### WORK REQUEST
Within the listing below, the lines to output run from the one containing "20世纪70年代前,市桥河南" through the one containing "El Centro Cultural"; copy them exactly and nothing else.

BEGIN PROVIDED MATERIAL

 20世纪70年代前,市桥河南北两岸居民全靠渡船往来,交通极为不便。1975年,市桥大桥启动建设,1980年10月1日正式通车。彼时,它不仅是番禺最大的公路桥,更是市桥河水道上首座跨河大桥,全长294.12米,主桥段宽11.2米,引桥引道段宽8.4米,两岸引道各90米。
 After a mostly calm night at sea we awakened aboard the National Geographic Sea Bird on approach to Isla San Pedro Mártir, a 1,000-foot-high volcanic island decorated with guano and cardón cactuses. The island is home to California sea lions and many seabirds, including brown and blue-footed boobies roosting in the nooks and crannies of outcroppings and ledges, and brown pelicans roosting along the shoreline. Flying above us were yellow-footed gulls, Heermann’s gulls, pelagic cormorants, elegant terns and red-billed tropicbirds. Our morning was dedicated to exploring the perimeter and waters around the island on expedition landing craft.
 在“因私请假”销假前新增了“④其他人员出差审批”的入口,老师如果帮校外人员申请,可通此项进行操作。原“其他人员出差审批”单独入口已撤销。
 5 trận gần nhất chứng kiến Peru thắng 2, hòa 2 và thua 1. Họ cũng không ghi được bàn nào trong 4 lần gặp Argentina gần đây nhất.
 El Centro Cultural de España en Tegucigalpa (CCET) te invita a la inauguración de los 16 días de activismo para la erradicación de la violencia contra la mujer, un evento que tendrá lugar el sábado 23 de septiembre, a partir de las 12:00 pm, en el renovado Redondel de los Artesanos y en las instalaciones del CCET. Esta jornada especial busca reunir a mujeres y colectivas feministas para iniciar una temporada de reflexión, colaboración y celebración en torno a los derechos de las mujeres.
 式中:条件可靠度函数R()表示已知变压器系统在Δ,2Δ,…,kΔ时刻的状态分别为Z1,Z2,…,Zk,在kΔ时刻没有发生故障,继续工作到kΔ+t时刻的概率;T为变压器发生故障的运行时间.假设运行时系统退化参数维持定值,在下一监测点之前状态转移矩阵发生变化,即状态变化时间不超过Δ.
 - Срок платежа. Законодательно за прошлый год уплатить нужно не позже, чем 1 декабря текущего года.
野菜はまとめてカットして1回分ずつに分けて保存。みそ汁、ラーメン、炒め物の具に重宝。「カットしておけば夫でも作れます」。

END PROVIDED MATERIAL
BEGIN PROVIDED MATERIAL

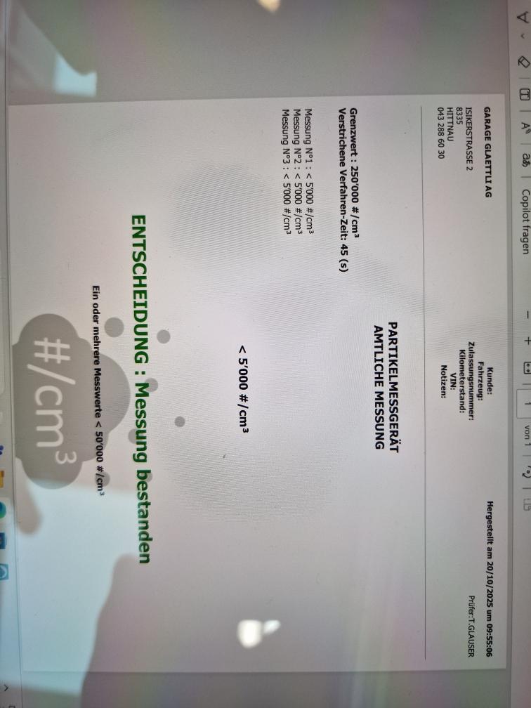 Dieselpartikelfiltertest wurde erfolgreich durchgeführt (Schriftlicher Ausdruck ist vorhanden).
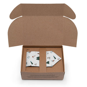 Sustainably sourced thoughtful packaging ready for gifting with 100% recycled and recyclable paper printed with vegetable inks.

END PROVIDED MATERIAL

### EXERCISE RESPONSE
 20世纪70年代前,市桥河南北两岸居民全靠渡船往来,交通极为不便。1975年,市桥大桥启动建设,1980年10月1日正式通车。彼时,它不仅是番禺最大的公路桥,更是市桥河水道上首座跨河大桥,全长294.12米,主桥段宽11.2米,引桥引道段宽8.4米,两岸引道各90米。
 After a mostly calm night at sea we awakened aboard the National Geographic Sea Bird on approach to Isla San Pedro Mártir, a 1,000-foot-high volcanic island decorated with guano and cardón cactuses. The island is home to California sea lions and many seabirds, including brown and blue-footed boobies roosting in the nooks and crannies of outcroppings and ledges, and brown pelicans roosting along the shoreline. Flying above us were yellow-footed gulls, Heermann’s gulls, pelagic cormorants, elegant terns and red-billed tropicbirds. Our morning was dedicated to exploring the perimeter and waters around the island on expedition landing craft.
 在“因私请假”销假前新增了“④其他人员出差审批”的入口,老师如果帮校外人员申请,可通此项进行操作。原“其他人员出差审批”单独入口已撤销。
 5 trận gần nhất chứng kiến Peru thắng 2, hòa 2 và thua 1. Họ cũng không ghi được bàn nào trong 4 lần gặp Argentina gần đây nhất.
 El Centro Cultural de España en Tegucigalpa (CCET) te invita a la inauguración de los 16 días de activismo para la erradicación de la violencia contra la mujer, un evento que tendrá lugar el sábado 23 de septiembre, a partir de las 12:00 pm, en el renovado Redondel de los Artesanos y en las instalaciones del CCET. Esta jornada especial busca reunir a mujeres y colectivas feministas para iniciar una temporada de reflexión, colaboración y celebración en torno a los derechos de las mujeres.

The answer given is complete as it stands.